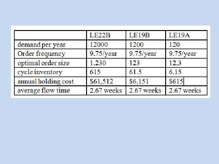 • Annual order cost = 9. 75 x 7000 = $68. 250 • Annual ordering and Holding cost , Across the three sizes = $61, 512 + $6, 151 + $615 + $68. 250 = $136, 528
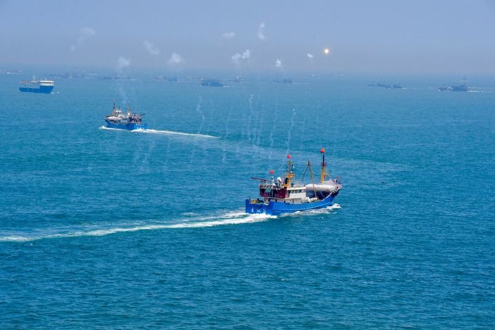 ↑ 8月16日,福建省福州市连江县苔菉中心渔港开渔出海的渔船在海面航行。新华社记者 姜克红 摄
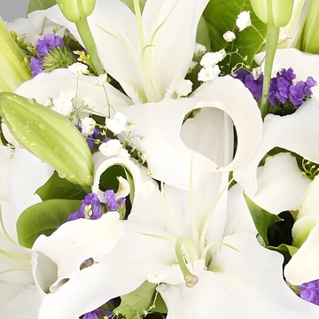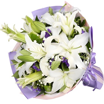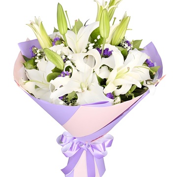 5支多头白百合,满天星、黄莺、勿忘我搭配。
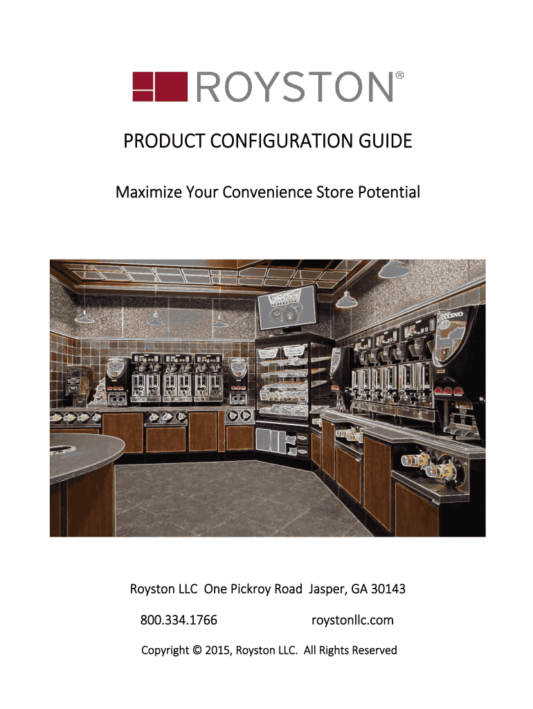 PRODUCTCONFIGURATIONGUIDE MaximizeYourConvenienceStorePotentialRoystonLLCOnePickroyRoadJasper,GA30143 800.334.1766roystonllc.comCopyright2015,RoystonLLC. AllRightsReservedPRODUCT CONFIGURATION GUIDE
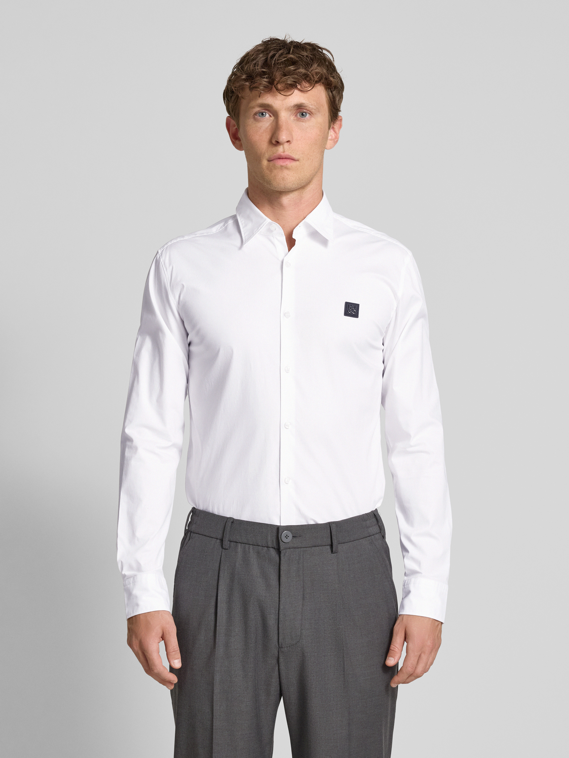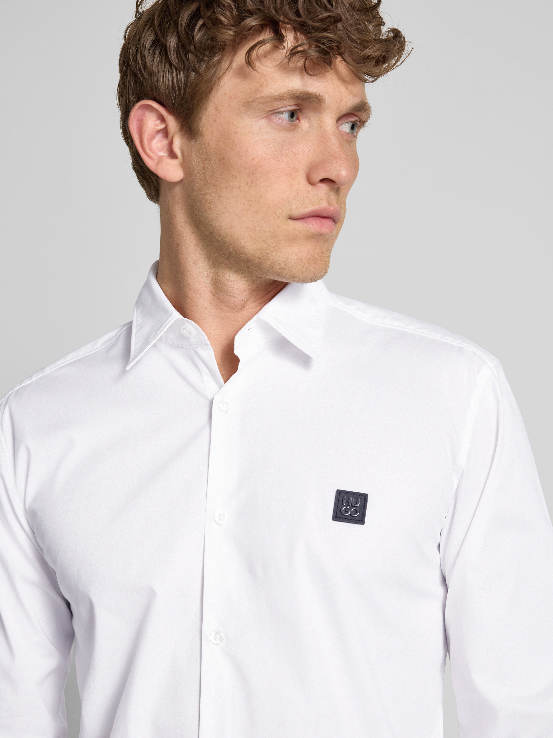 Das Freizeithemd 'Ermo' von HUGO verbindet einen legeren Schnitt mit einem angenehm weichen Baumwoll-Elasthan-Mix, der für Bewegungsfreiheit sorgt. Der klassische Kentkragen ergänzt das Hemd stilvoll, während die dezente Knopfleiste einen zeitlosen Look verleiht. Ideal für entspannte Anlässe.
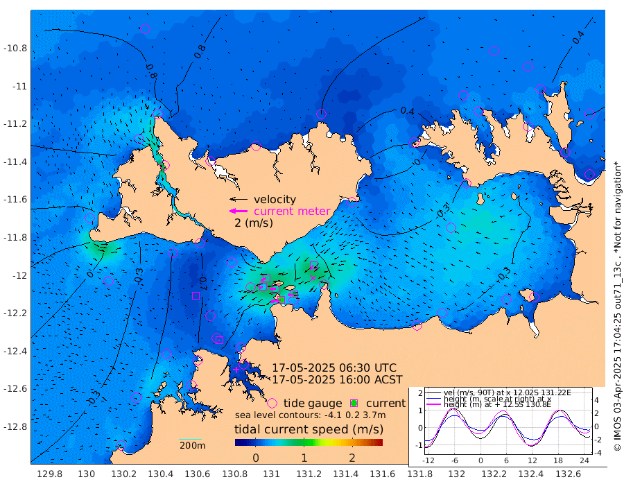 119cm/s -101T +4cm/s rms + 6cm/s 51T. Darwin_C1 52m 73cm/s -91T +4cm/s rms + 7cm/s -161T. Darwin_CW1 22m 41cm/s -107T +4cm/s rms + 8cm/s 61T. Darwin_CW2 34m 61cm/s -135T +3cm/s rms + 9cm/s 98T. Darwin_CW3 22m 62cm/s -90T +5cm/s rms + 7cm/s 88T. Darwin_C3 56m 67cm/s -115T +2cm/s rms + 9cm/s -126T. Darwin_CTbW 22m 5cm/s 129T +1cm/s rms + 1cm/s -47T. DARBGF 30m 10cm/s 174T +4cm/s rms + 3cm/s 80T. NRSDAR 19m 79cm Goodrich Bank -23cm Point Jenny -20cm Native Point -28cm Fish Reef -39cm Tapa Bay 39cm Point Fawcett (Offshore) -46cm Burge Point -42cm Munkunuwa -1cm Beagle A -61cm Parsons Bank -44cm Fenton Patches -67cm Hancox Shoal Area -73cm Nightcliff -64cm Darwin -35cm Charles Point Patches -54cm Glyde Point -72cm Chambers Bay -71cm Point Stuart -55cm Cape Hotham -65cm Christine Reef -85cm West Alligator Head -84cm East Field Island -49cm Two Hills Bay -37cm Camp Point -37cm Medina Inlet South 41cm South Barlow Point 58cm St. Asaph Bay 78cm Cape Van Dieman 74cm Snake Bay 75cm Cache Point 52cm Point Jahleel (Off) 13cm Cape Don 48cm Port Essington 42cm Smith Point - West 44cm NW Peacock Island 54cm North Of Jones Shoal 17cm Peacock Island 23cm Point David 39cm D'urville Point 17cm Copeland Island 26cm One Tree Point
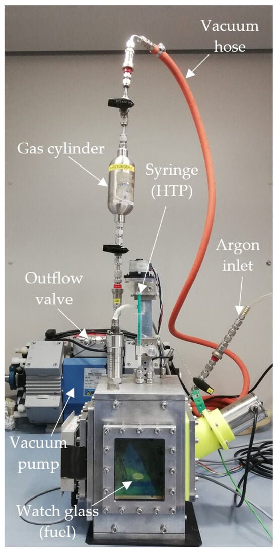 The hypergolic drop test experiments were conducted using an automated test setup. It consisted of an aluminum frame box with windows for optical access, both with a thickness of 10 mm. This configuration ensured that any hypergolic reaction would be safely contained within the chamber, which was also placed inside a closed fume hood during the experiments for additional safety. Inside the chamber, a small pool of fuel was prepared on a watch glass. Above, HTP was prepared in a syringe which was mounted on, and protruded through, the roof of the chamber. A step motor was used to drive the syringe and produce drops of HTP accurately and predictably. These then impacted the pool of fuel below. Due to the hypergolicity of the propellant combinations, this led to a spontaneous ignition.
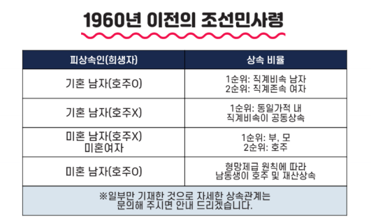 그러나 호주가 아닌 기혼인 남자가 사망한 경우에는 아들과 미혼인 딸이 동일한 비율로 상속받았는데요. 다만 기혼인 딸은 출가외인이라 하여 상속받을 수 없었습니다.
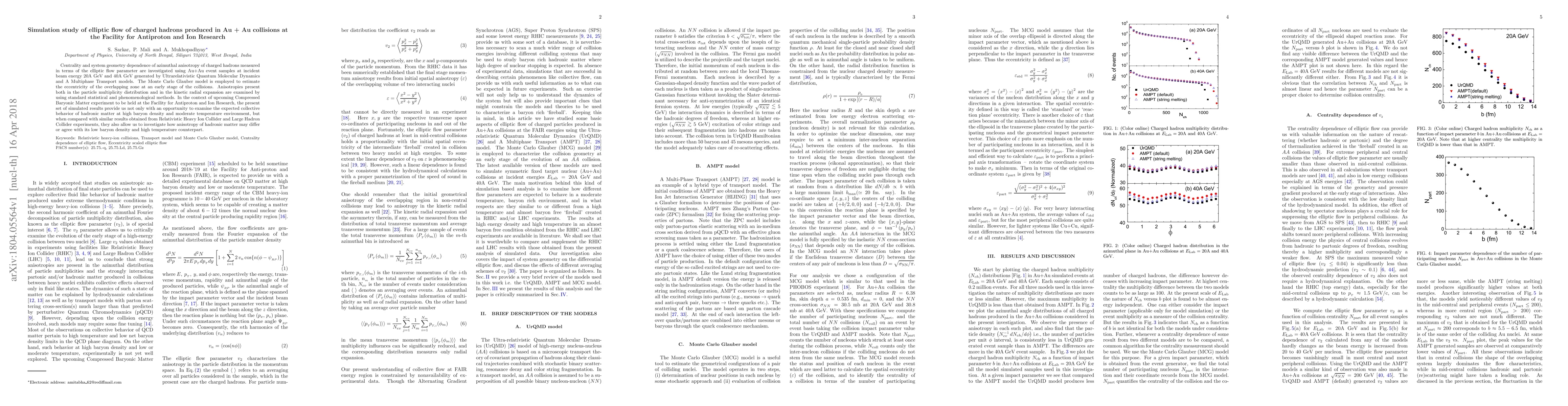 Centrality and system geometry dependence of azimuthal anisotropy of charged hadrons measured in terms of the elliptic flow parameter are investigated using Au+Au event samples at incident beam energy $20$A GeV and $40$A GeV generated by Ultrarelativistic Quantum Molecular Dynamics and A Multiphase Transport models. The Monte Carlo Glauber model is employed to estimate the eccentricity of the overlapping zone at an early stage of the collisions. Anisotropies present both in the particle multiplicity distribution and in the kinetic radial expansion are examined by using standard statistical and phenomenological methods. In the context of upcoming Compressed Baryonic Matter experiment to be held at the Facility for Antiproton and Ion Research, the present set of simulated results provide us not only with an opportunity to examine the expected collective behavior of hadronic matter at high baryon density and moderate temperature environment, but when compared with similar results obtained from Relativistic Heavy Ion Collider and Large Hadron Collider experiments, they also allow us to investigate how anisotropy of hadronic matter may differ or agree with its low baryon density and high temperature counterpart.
• • •
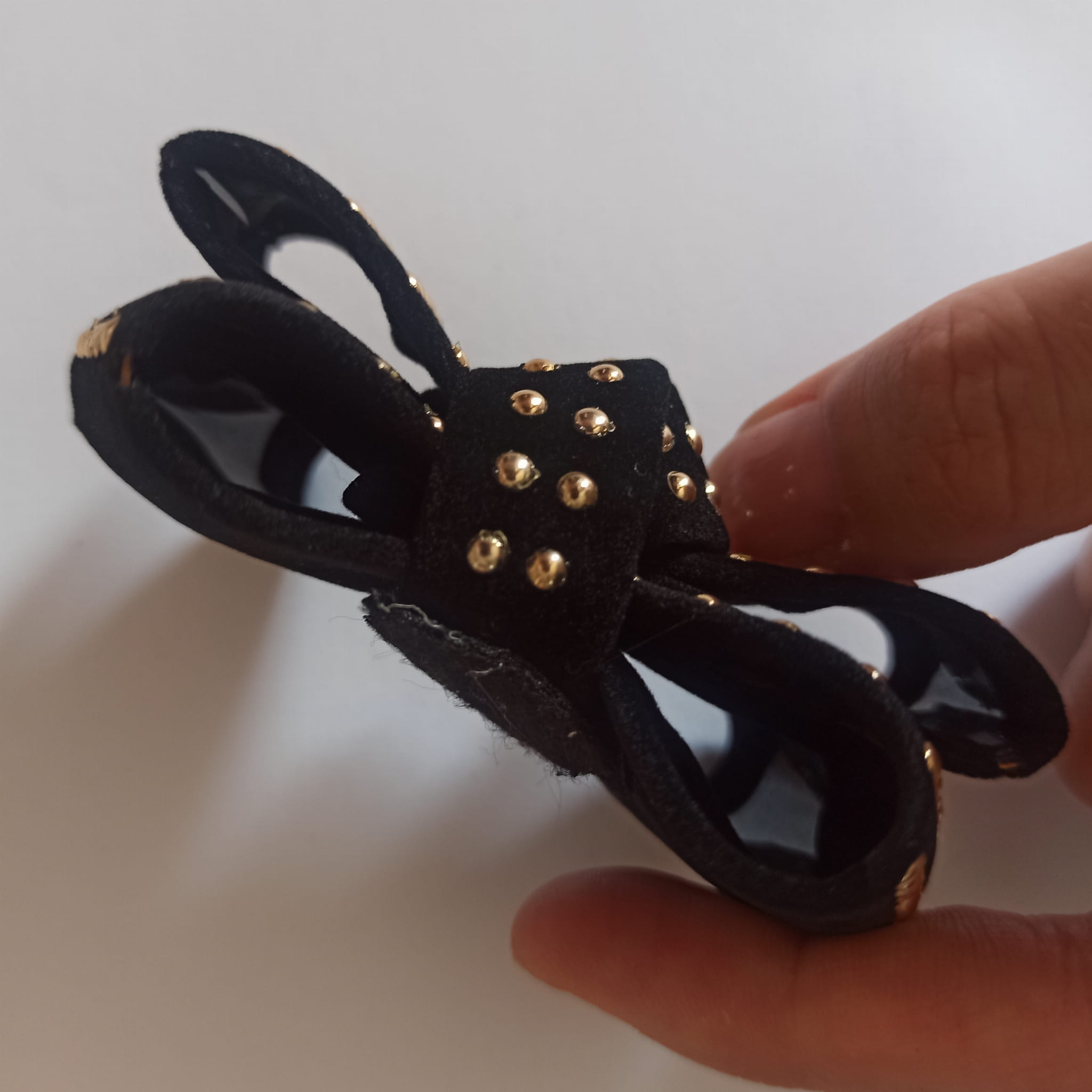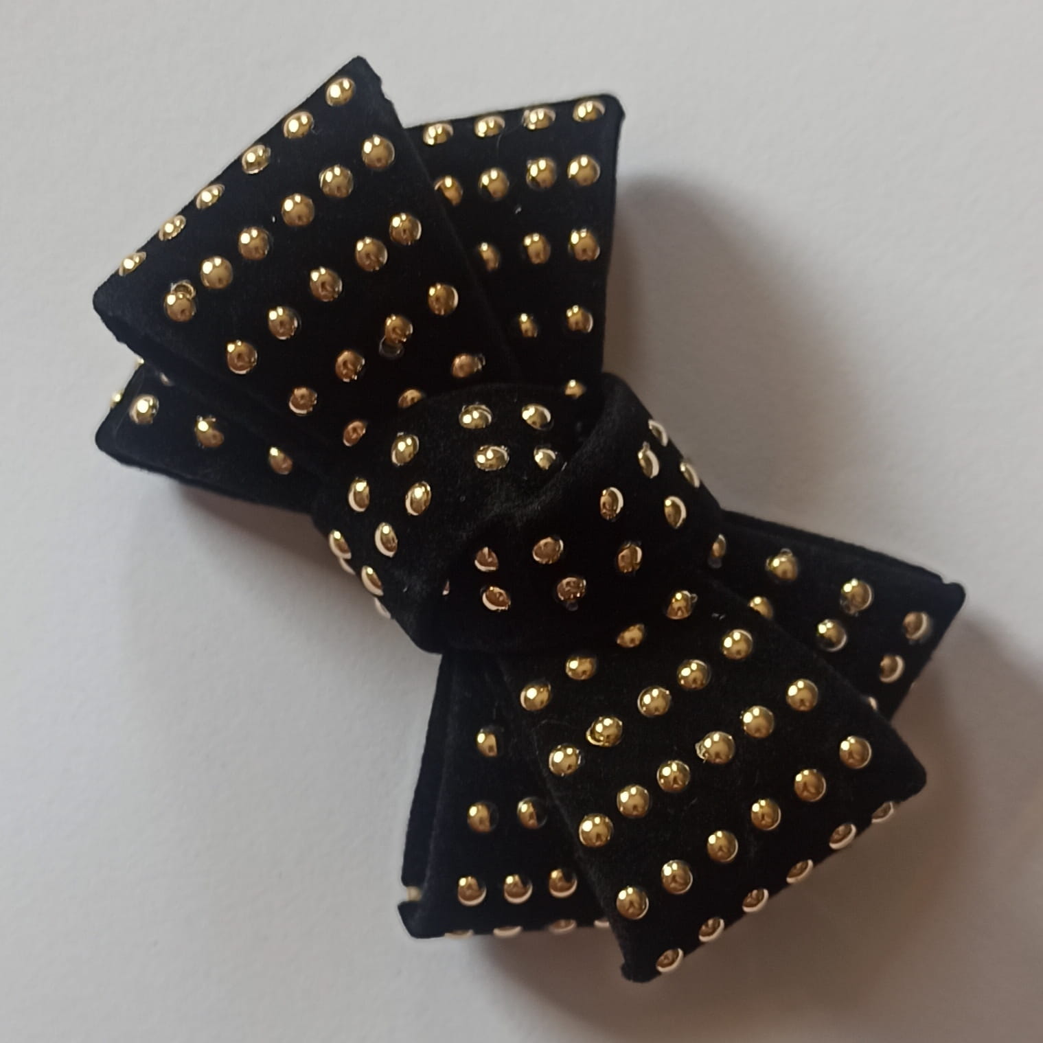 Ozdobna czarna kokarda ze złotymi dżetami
• • •
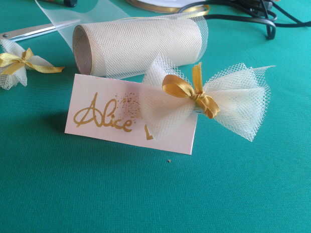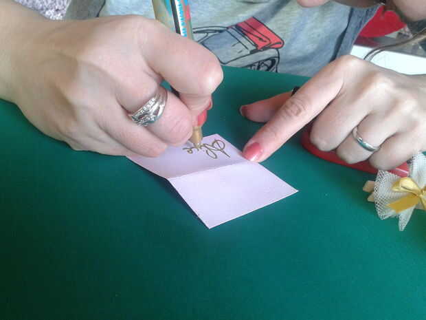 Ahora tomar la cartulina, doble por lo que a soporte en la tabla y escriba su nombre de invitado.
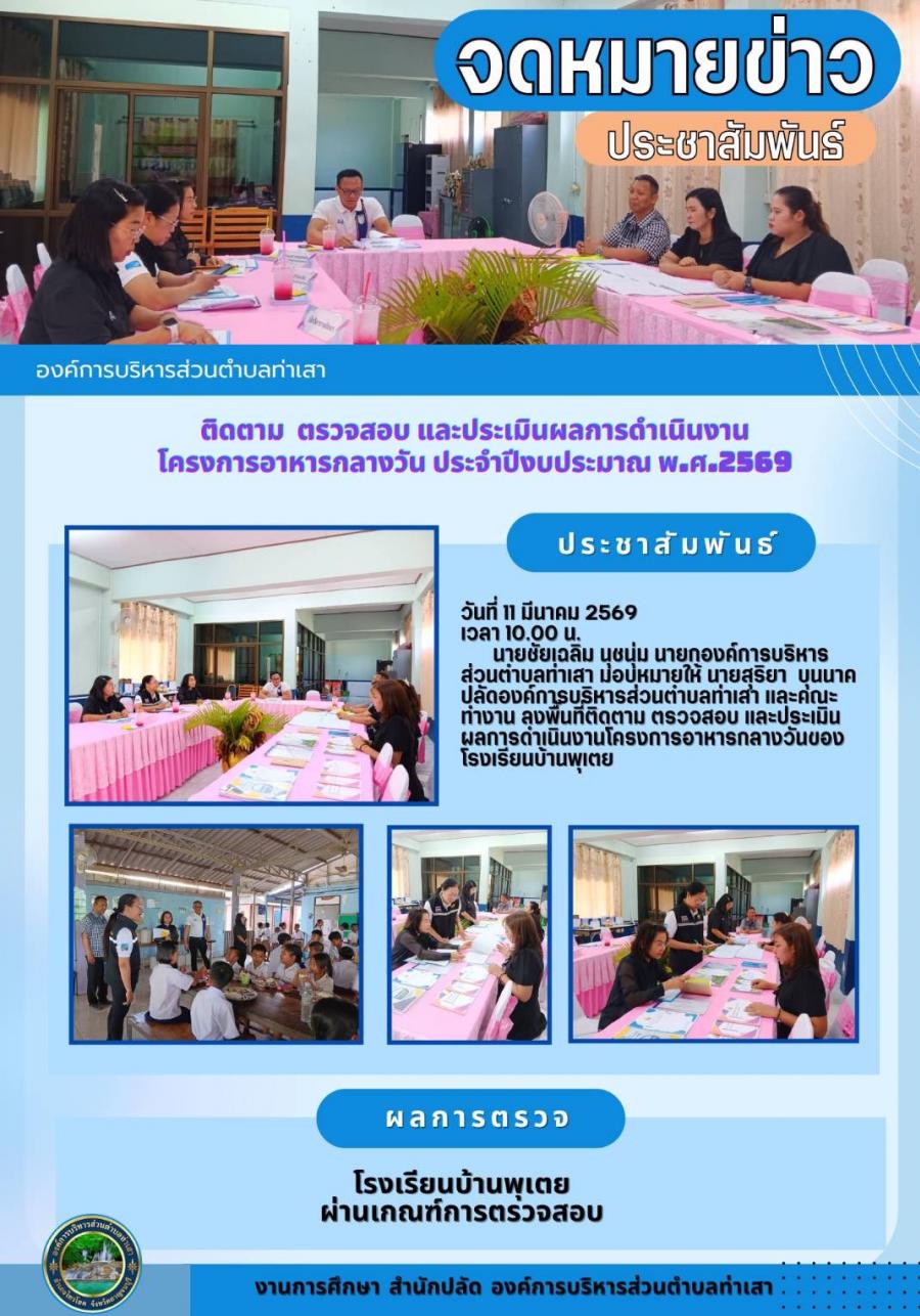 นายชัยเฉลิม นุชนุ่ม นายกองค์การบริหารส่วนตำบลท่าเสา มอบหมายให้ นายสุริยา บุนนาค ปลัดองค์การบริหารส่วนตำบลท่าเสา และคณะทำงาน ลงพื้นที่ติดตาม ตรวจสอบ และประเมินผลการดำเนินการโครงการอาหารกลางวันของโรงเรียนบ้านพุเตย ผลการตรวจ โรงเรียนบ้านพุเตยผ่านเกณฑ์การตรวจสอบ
• • •
[Task description] Using the listing above, repeat word for word each line from the one with "5支多头白百合,满天星、黄莺、勿忘我搭配。" down to the one with "Das Freizeithemd 'Ermo'", both included. Omit all pictures.

[Answer below]
 5支多头白百合,满天星、黄莺、勿忘我搭配。
 PRODUCTCONFIGURATIONGUIDE MaximizeYourConvenienceStorePotentialRoystonLLCOnePickroyRoadJasper,GA30143 800.334.1766roystonllc.comCopyright2015,RoystonLLC. AllRightsReservedPRODUCT CONFIGURATION GUIDE
 Das Freizeithemd 'Ermo' von HUGO verbindet einen legeren Schnitt mit einem angenehm weichen Baumwoll-Elasthan-Mix, der für Bewegungsfreiheit sorgt. Der klassische Kentkragen ergänzt das Hemd stilvoll, während die dezente Knopfleiste einen zeitlosen Look verleiht. Ideal für entspannte Anlässe.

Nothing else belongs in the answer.